> [What is being asked]:
Copy all records exactly; omit pictures.

Items from a data source
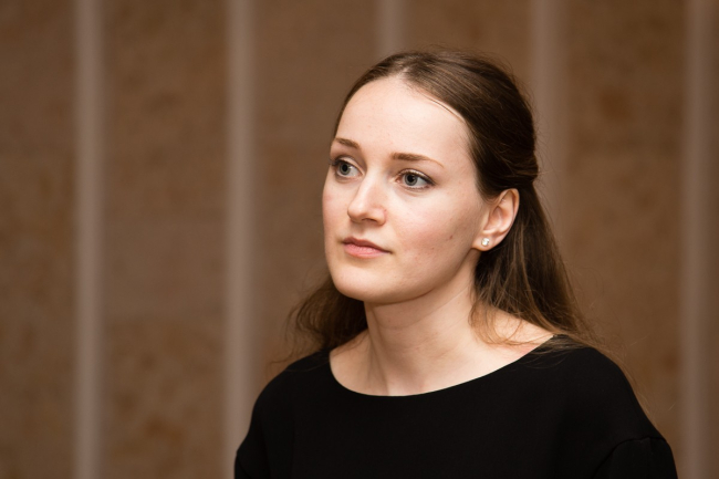 Некоторые музыканты считают, что по манере игры артиста можно многое сказать о его характере. Если посмотреть на то, как держится за фортепиано Юлия Захаркина, становится понятно, почему она репетировала чуть ли не до начала концерта. Исполнительница демонстрирует предельную сосредоточенность, ни один мускул лица не движется, тело застыло, будто статуя, и только кисти рук бегают по клавишам инструмента. Кажется, что для артистки не существует ничего, кроме музыки, и она готова играть за фортепиано бесконечно.
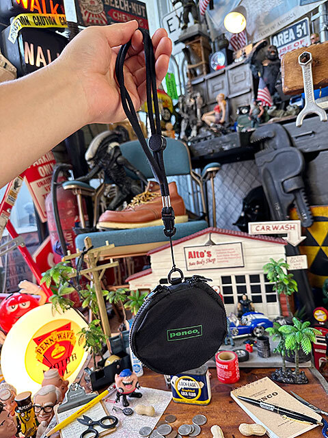 100均とかでネックストラップを買ってきて、ポーチの先端に付いてるDカンに取り付けると、首から提げて使えるので便利ですよ!
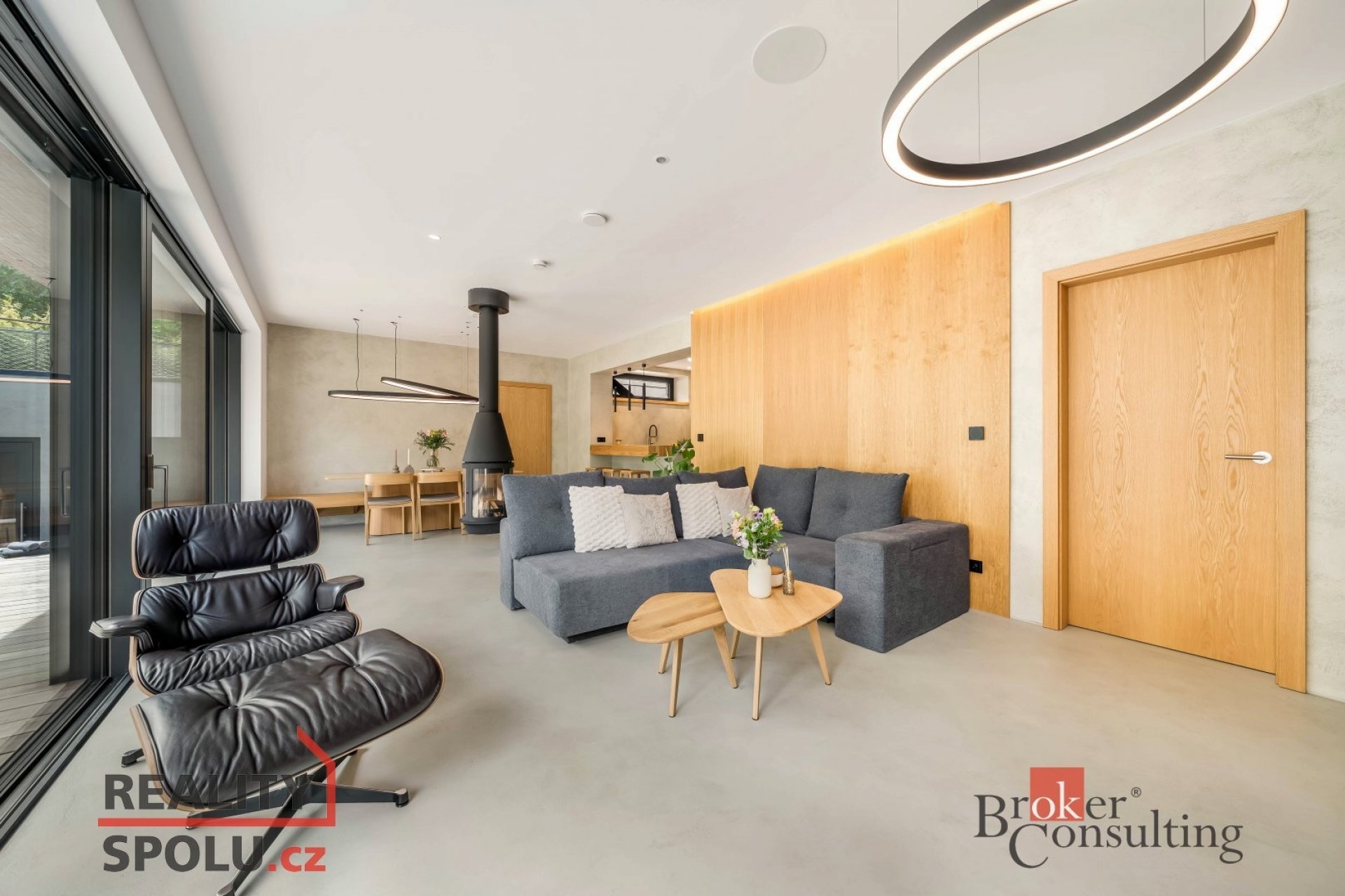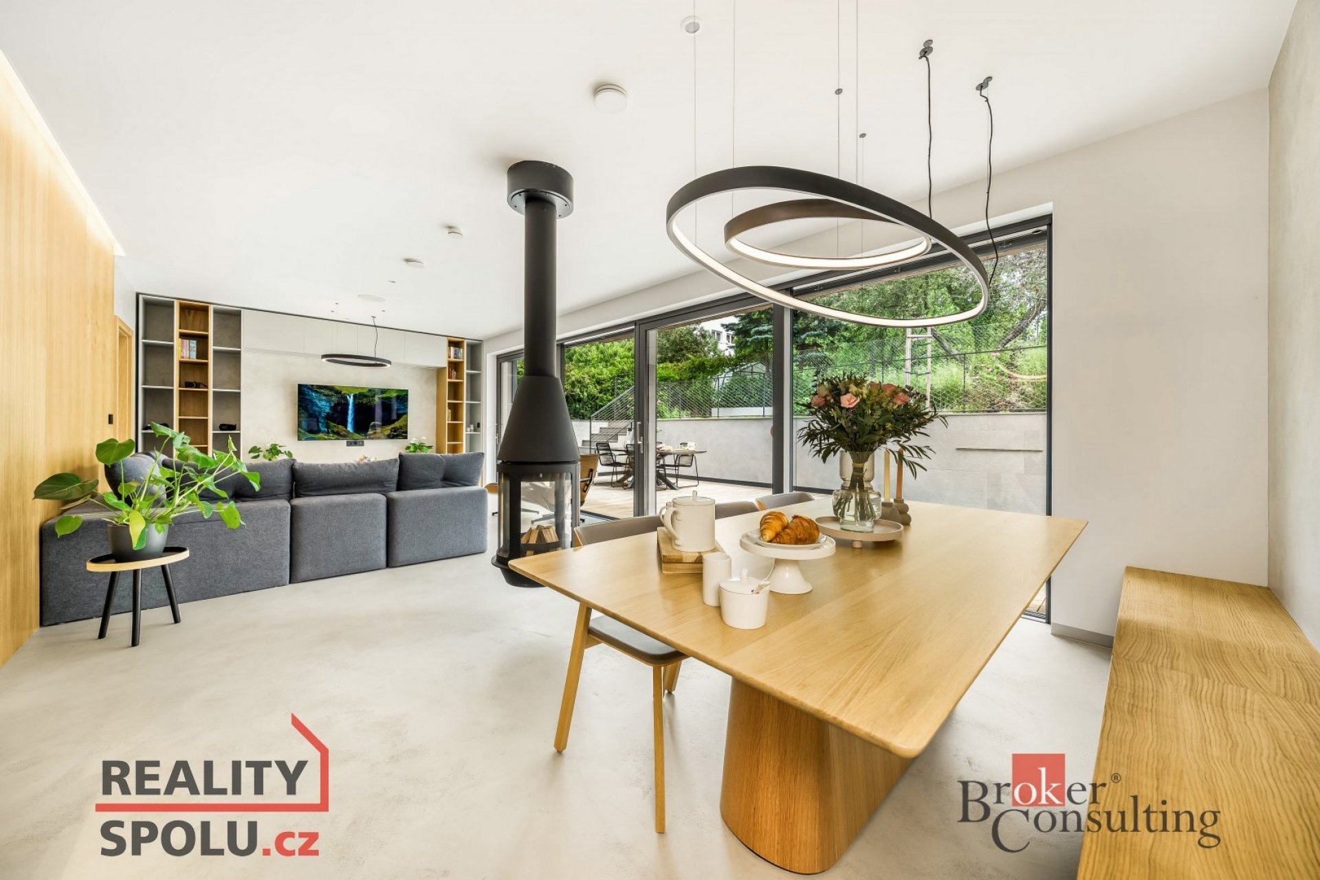 Moderní dispozice, otevřený prostor s důrazem na světlo a funkčnost.
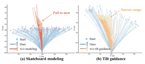 (a) 左侧: 展示了人-板系统的物理耦合关系。(b) 右侧: 详细展示了三个阶段的控制策略:1. AMP for Pushing Style (绿色区域): 在蹬地阶段,引入了“对抗动作先验”(AMP),利用人类滑板的动作数据训练判别器,让机器人的蹬地动作既有效又像人,而不是机械地瞎踢。2. Trajectory Planning Transition (粉色区域): 过渡阶段是最危险的。系统使用了贝塞尔曲线(Bézier curve)和球面线性插值(SLERP)来规划上板和下板的轨迹,确保平滑切换。3. Physics-Guided Steering (蓝色区域): 在滑行阶段,利用图2推导出的物理公式,计算出目标航向所需的板面倾角,引导机器人做出正确的倾斜动作。理论很丰满,现实骨感吗?研究团队进行了大量的对比实验。转向能力的提升。如果没有物理模型的指导,机器人能学会转弯吗?
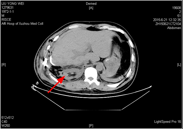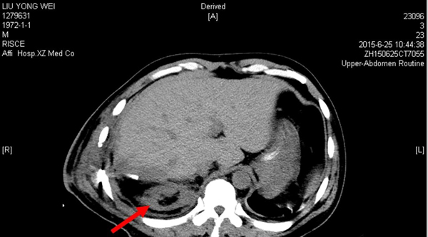 圖一 2015年6月21日(術(shù)后第1天)CT,右腎如箭頭所示。
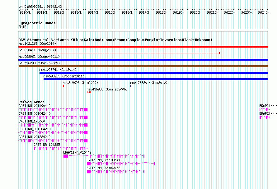 | Variant Type | CNV gain+loss | Copy Number | | Allele State | | Allele Origin | | Probe Count | | Validation Flag | | Merged Status | M | Merged Variants | | Supporting Variants | nssv667386, nssv673060, nssv700683 | Samples | | Known Genes | CAST, ERAP1, ERAP2 | Method | SNP array | Analysis | Sample-level CNVs | Platform | GPL6434 | Comments | | Reference | Shaikh_et_al_2009 | Pubmed ID | 19592680 | Accession Number(s) | nsv516293
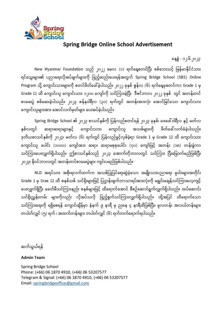 New Myanmar Foundation သည် ၂၀၂၂ မေလ (၁) ရက်နေ့စတင်ပြီး စစ်ဘေးသင့် မြန်မာနိုင်ငံသား ရင်သွေးများ၏ ပညာရေးလိုအပ်ချက်များကို ဖြည့်ဆည်းပေးရန်အတွက် Spring Bridge School (SBS) Online Program သို့ ကျောင်းသားများကို စတင်ဖိတ်ခေါ်ခဲ့ပါသည်။ ၂၀၂၂ ခုနှစ် ဇွန်လ (၆) ရက်နေ့မှစတင်ကာ Grade 1 မှ Grade 11 ထိ ကျောင်းသူ ကျောင်းသား ၁၂၀၀ ကျော်ကို သင်ကြားခဲ့ပြီး ဒီဇင်ဘာလ ၂၀၂၂ ခုနှစ် တွင် အတန်းတင် စာမေးပွဲ စစ်ဆေးခဲ့ပါသည်။ ၂၀၂၃ ဇန်နဝါရီလ (၃၁) ရက်တွင် အတန်းအားလုံး အောင်မြင်သော ကျောင်းသား ကျောင်းသူများအား အောင်လက်မှတ်များ ပေးအပ်ခဲ့ပါသည်။

> [Your solution]:
 Некоторые музыканты считают, что по манере игры артиста можно многое сказать о его характере. Если посмотреть на то, как держится за фортепиано Юлия Захаркина, становится понятно, почему она репетировала чуть ли не до начала концерта. Исполнительница демонстрирует предельную сосредоточенность, ни один мускул лица не движется, тело застыло, будто статуя, и только кисти рук бегают по клавишам инструмента. Кажется, что для артистки не существует ничего, кроме музыки, и она готова играть за фортепиано бесконечно.
 100均とかでネックストラップを買ってきて、ポーチの先端に付いてるDカンに取り付けると、首から提げて使えるので便利ですよ!
 Moderní dispozice, otevřený prostor s důrazem na světlo a funkčnost.
 (a) 左侧: 展示了人-板系统的物理耦合关系。(b) 右侧: 详细展示了三个阶段的控制策略:1. AMP for Pushing Style (绿色区域): 在蹬地阶段,引入了“对抗动作先验”(AMP),利用人类滑板的动作数据训练判别器,让机器人的蹬地动作既有效又像人,而不是机械地瞎踢。2. Trajectory Planning Transition (粉色区域): 过渡阶段是最危险的。系统使用了贝塞尔曲线(Bézier curve)和球面线性插值(SLERP)来规划上板和下板的轨迹,确保平滑切换。3. Physics-Guided Steering (蓝色区域): 在滑行阶段,利用图2推导出的物理公式,计算出目标航向所需的板面倾角,引导机器人做出正确的倾斜动作。理论很丰满,现实骨感吗?研究团队进行了大量的对比实验。转向能力的提升。如果没有物理模型的指导,机器人能学会转弯吗?
 圖一 2015年6月21日(術(shù)后第1天)CT,右腎如箭頭所示。
 | Variant Type | CNV gain+loss | Copy Number | | Allele State | | Allele Origin | | Probe Count | | Validation Flag | | Merged Status | M | Merged Variants | | Supporting Variants | nssv667386, nssv673060, nssv700683 | Samples | | Known Genes | CAST, ERAP1, ERAP2 | Method | SNP array | Analysis | Sample-level CNVs | Platform | GPL6434 | Comments | | Reference | Shaikh_et_al_2009 | Pubmed ID | 19592680 | Accession Number(s) | nsv516293
 New Myanmar Foundation သည် ၂၀၂၂ မေလ (၁) ရက်နေ့စတင်ပြီး စစ်ဘေးသင့် မြန်မာနိုင်ငံသား ရင်သွေးများ၏ ပညာရေးလိုအပ်ချက်များကို ဖြည့်ဆည်းပေးရန်အတွက် Spring Bridge School (SBS) Online Program သို့ ကျောင်းသားများကို စတင်ဖိတ်ခေါ်ခဲ့ပါသည်။ ၂၀၂၂ ခုနှစ် ဇွန်လ (၆) ရက်နေ့မှစတင်ကာ Grade 1 မှ Grade 11 ထိ ကျောင်းသူ ကျောင်းသား ၁၂၀၀ ကျော်ကို သင်ကြားခဲ့ပြီး ဒီဇင်ဘာလ ၂၀၂၂ ခုနှစ် တွင် အတန်းတင် စာမေးပွဲ စစ်ဆေးခဲ့ပါသည်။ ၂၀၂၃ ဇန်နဝါရီလ (၃၁) ရက်တွင် အတန်းအားလုံး အောင်မြင်သော ကျောင်းသား ကျောင်းသူများအား အောင်လက်မှတ်များ ပေးအပ်ခဲ့ပါသည်။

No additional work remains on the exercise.